Unlike many cancelations yesterday, snow wasn’t to blame for the second Chicago Liquor Control Commission hearing on the troubled Congress Theater being rescheduled to March 26.
Controversial venue owner Erineo “Eddie” Carranza has switched lawyers for the second time in seven months, and his latest attorney—number three in the series representing him on several fronts with city agencies—requested more time from Deputy Hearings Commissioner Robert Nolan to get up to speed on the case.
Nolan granted the request over the objection of assistant corporation counsel Maggie Shiels, who is pursuing five city charges against the Congress for violations that could cause the revocation of its liquor license. The Congress also is involved in Deleterious Impact/Public Nuisance Hearings with the Department of Business Affairs and a case involving 37 code violations with the Building Department.
Carranza initially was represented by Homero Tristan, a politically connected lawyer who had served as Chicago Commissioner of Human Resources before he resigned following charges of public misconduct from the city’s Inspector General. Tristan participated in a 4,000–word interview with this blog and Carranza published last March.
Attorney number two was Thomas Raines, who took the helm late last summer and whom Carranza said was an expert at dealing with the Liquor Commission. Though he spoke often with this blog in the months that followed, Raines could not be reached for comment for this story.
Now comes attorney number three, Harlan C. Powell, whose firm appears to be even more expert in liquor proceedings. From its Web site: “Webster Powell Concentrates its practice in the beverage, alcohol and hospitality industry.”
“Harlan is a real pro in this arena,” said one attorney familiar with his work. But the lawyer himself declined comment when asked why he was brought on board and whether he also will be representing the Congress in the other two proceedings.
“While I appreciate your ongoing interest in the Congress Theater story, I have no comment on any aspect of my firm's representation of Mr. Carranza or on any of the legal proceedings in which Mr. Carranza is currently involved,” Powell wrote via email.
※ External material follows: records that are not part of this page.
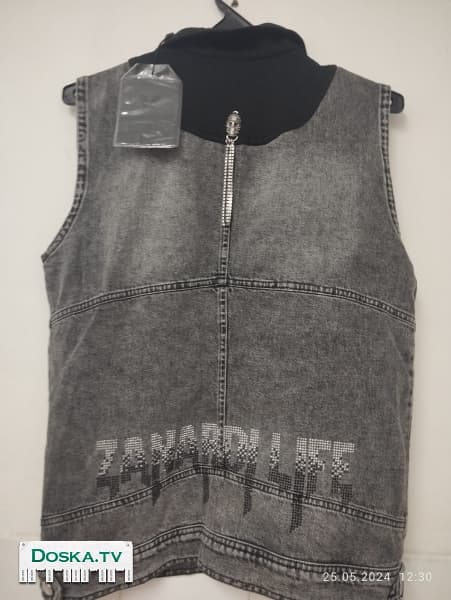 Размер S жилет из джинса серого цвета с аксессуарами, брюки 100% хлопка Новый Продаю из за надобности из за большого мне размера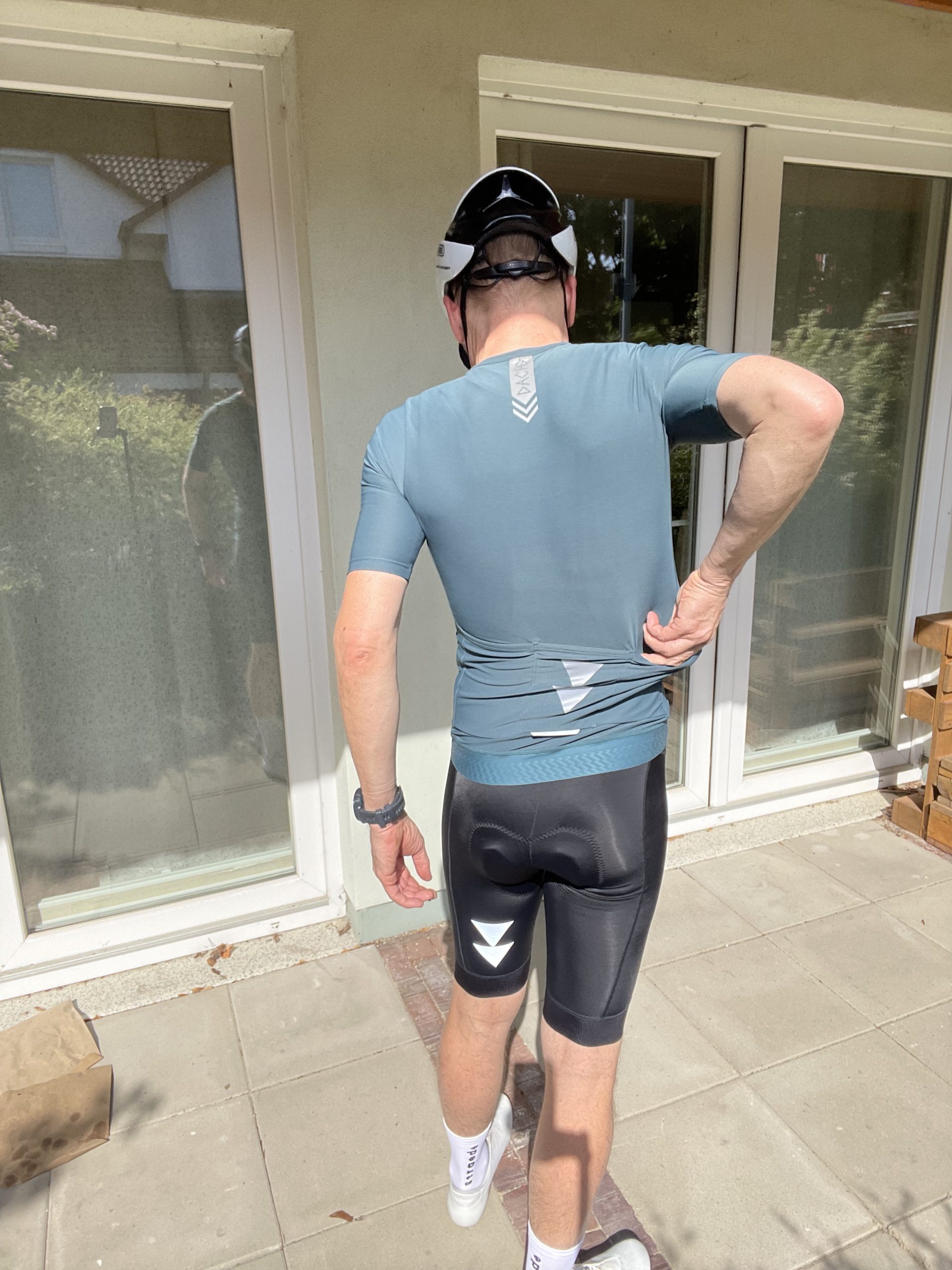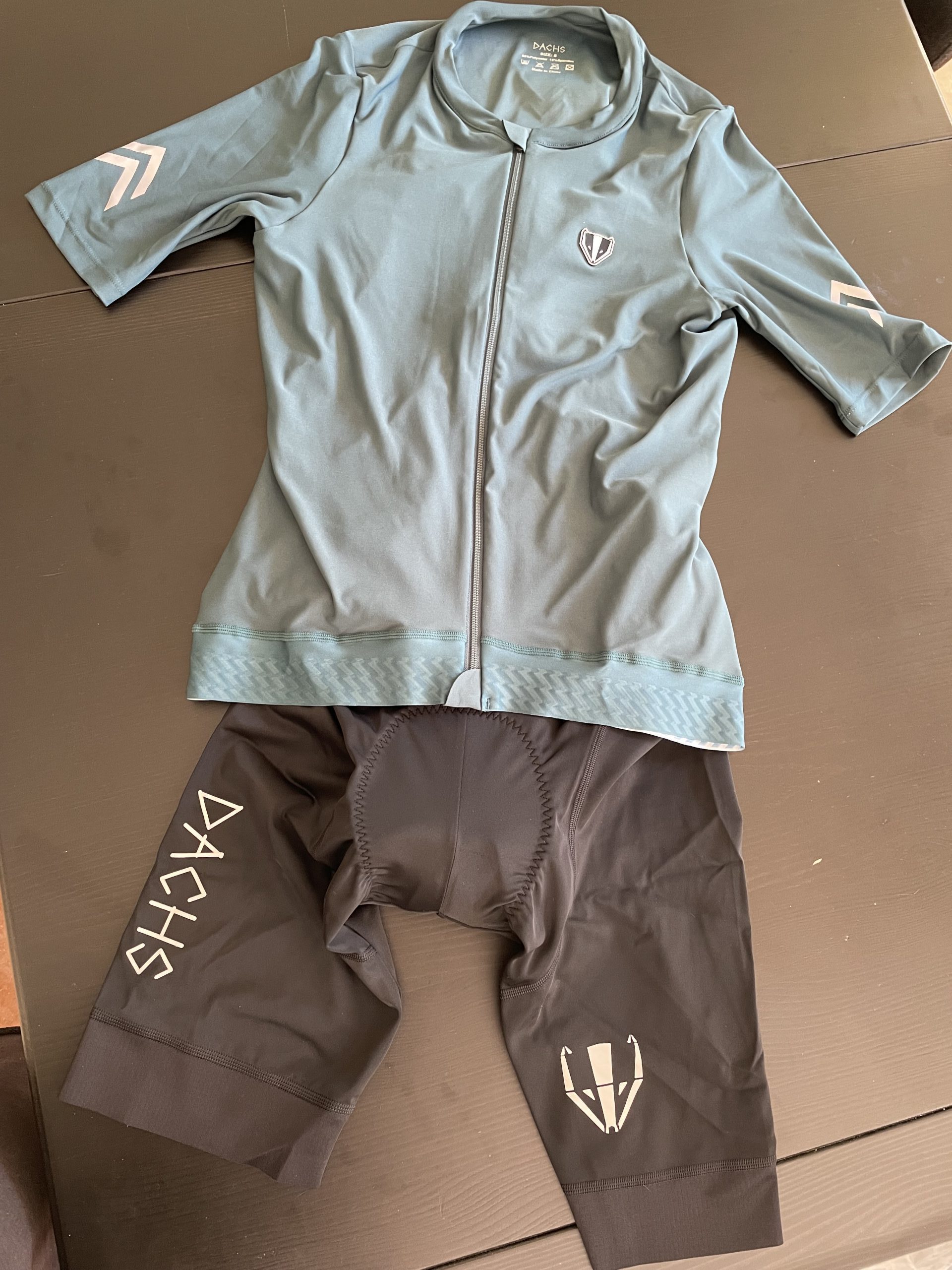 Ich bin Größe 1,79 m und wiege 65 kg. Ich passe bei fast allen Herstellern in die S-Größe. Dachs macht da keine Ausnahme. Die kurze Sommerhose und das kurzarm Jersey liegen an. Und zwar perfekt: an keiner Stelle wölbt sich das Oberteil, keine Falten, kein Flattern, es bildet meine Körperkonturen perfekt nach.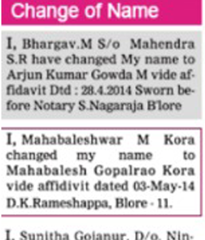 Recently Published Change Of Name Ads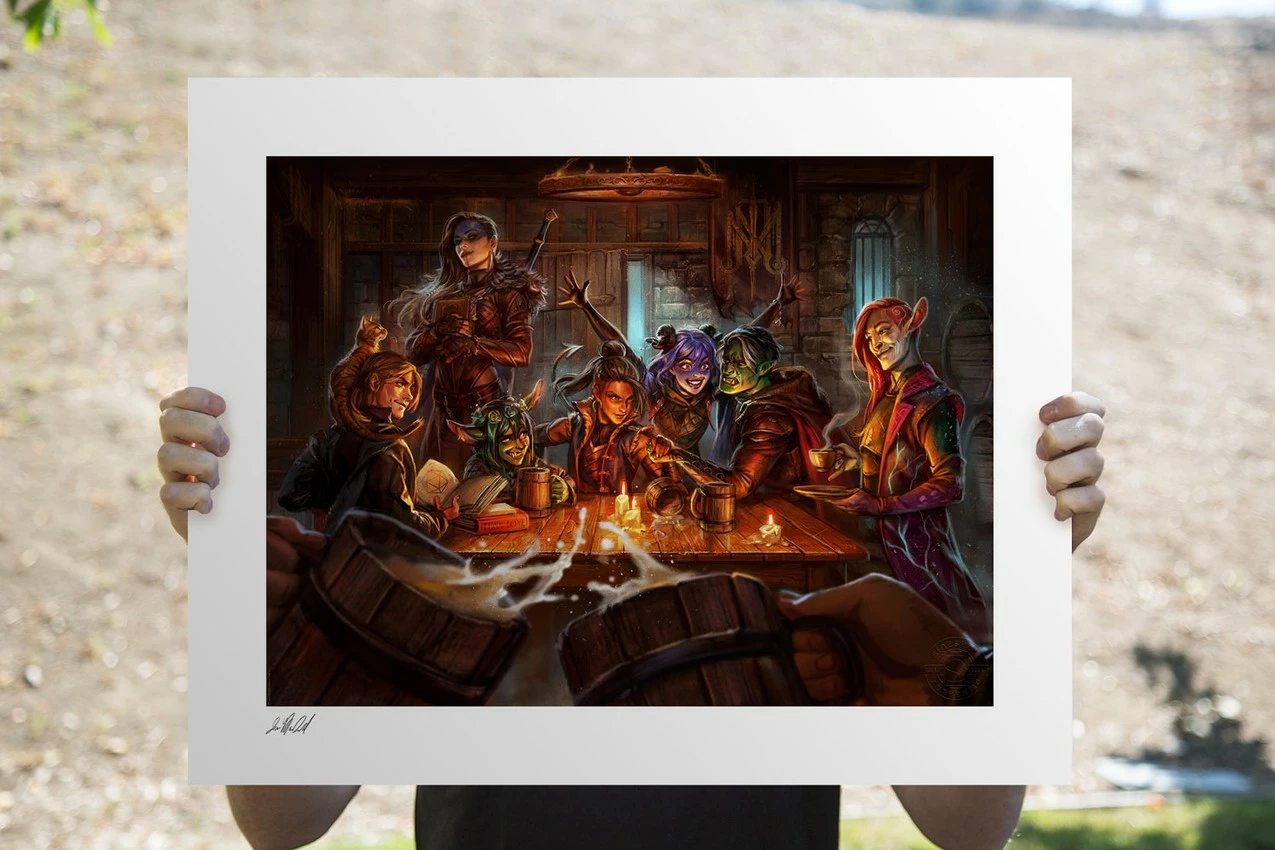 Raise your tankard or your teacup as a toast to the intrepid adventurers of the Mighty Nein in their journey across the continent of Wildemount. This fine art illustration features heroes Caleb (with Frumpkin), Yasha, Nott, Beau, Jester, Fjord, and Caduceus as they find respite at a local tavern, studying spells and engaging in friendly feats of strength. Make a perception check to spot the character details hidden throughout the image, including the hint of a familiar storyteller in the foreground, cheering on the Mighty Nein after another incredible quest.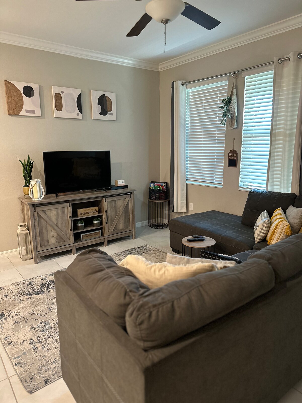 La casa entera es tuya para que la disfrutes. Tienes muchos restaurantes a tu alrededor para elegir, ya que estás justo al lado del centro comercial premium. Acceso rápido a la autopista y a poca distancia en coche de las lagunas de cristal. ¡Este anfitrión recibirá tu primera entrada a la laguna de cortesía! De viernes a domingo. Esta casa adosada tiene tres dormitorios, dos baños y medio, una cocina de tamaño completo con todas las ollas, sartenes, platos, etc., necesitas cocinar y alimentar a una familia de seis personas. También tienes un garaje para un auto y una entrada.

Powell may be trying a different tactic than his loquacious predecessors Tristan and Raines, or he may have learned from being criticized for comments to the press in the past. Chicagoist took a shot at him in 2006 for “an overdose on truth pills” when he was representing several clubs fighting city violations for bottle service.
In any event, Carranza has a reputation for rapidly burning through partners and employees. Several development partners have come and gone from the project to repair the Congress and redevelop its ground-floor storefronts. And, according to a report today at DNAinfo.com, the new corporate partnership for both the Congress and the Portage theaters that he promised two months ago now is on hold or has fallen apart.
City officials reported that representatives from monopolistic concert giant Live Nation met with them early in the new year and talked about leasing and operating Carranza’s two theaters. Live Nation has refused to comment. But Carranza now tells DNAinfo: “I had a deal, but now I gotta to do all this [city-mandated] stuff first… I’ve got to clean everything up. … If I have to stay independent, I will.”